* What to do: In the records below, reproduce exactly the lines from the one containing "Krewetki Królewskie Tygrysie" through the one containing "稜線に出ると雪が現れわかんを", both included, and omit the pictures.

* Exercise data:

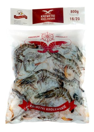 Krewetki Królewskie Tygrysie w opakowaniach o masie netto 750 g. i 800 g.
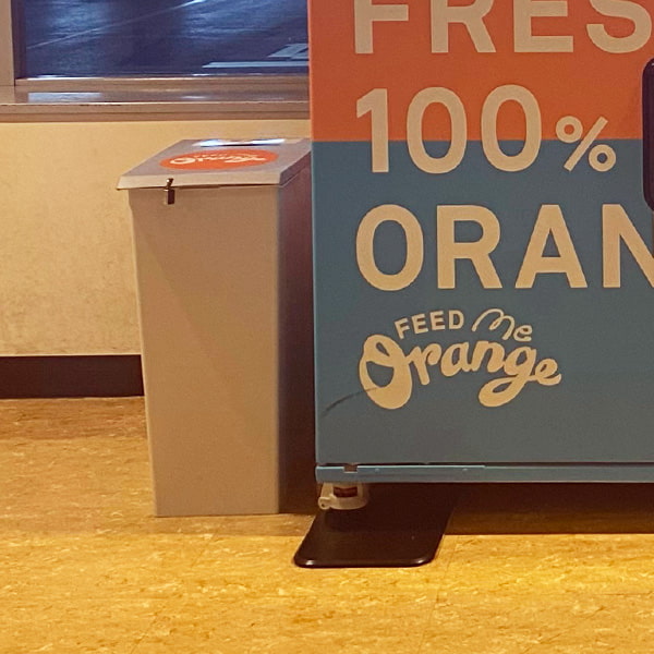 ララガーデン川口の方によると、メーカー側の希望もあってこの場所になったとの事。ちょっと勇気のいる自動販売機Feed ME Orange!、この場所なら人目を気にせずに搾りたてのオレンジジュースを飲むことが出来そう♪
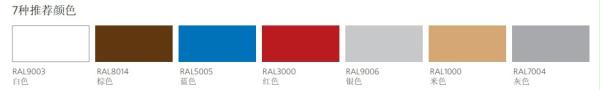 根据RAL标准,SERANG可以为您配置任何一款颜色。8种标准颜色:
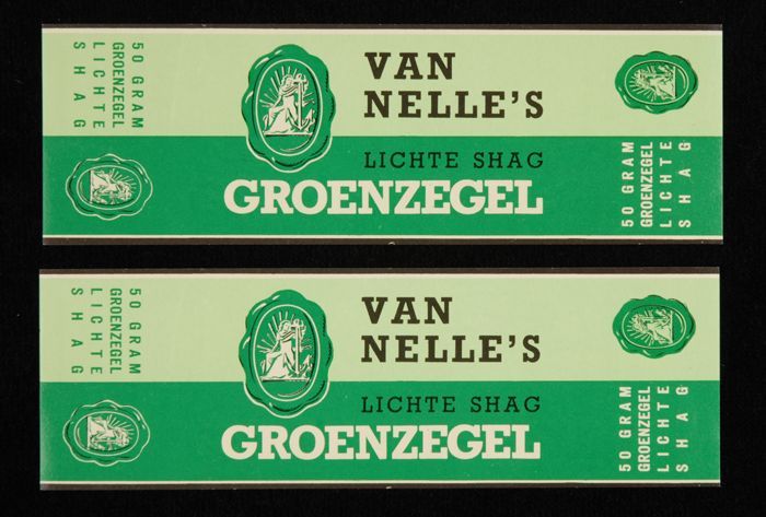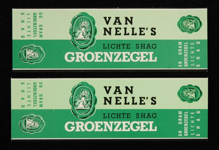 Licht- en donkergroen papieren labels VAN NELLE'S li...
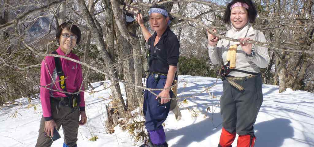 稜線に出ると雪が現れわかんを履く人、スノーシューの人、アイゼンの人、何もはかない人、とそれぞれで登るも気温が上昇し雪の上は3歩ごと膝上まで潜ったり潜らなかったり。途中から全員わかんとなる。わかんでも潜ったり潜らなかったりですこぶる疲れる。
--
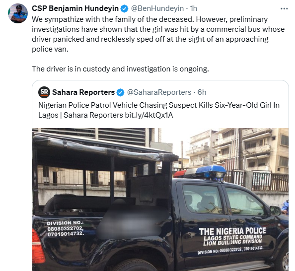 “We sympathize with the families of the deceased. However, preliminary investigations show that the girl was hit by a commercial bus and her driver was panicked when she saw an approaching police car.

* Reply to the exercise:
 Krewetki Królewskie Tygrysie w opakowaniach o masie netto 750 g. i 800 g.
 ララガーデン川口の方によると、メーカー側の希望もあってこの場所になったとの事。ちょっと勇気のいる自動販売機Feed ME Orange!、この場所なら人目を気にせずに搾りたてのオレンジジュースを飲むことが出来そう♪
 根据RAL标准,SERANG可以为您配置任何一款颜色。8种标准颜色:
 Licht- en donkergroen papieren labels VAN NELLE'S li...
 稜線に出ると雪が現れわかんを履く人、スノーシューの人、アイゼンの人、何もはかない人、とそれぞれで登るも気温が上昇し雪の上は3歩ごと膝上まで潜ったり潜らなかったり。途中から全員わかんとなる。わかんでも潜ったり潜らなかったりですこぶる疲れる。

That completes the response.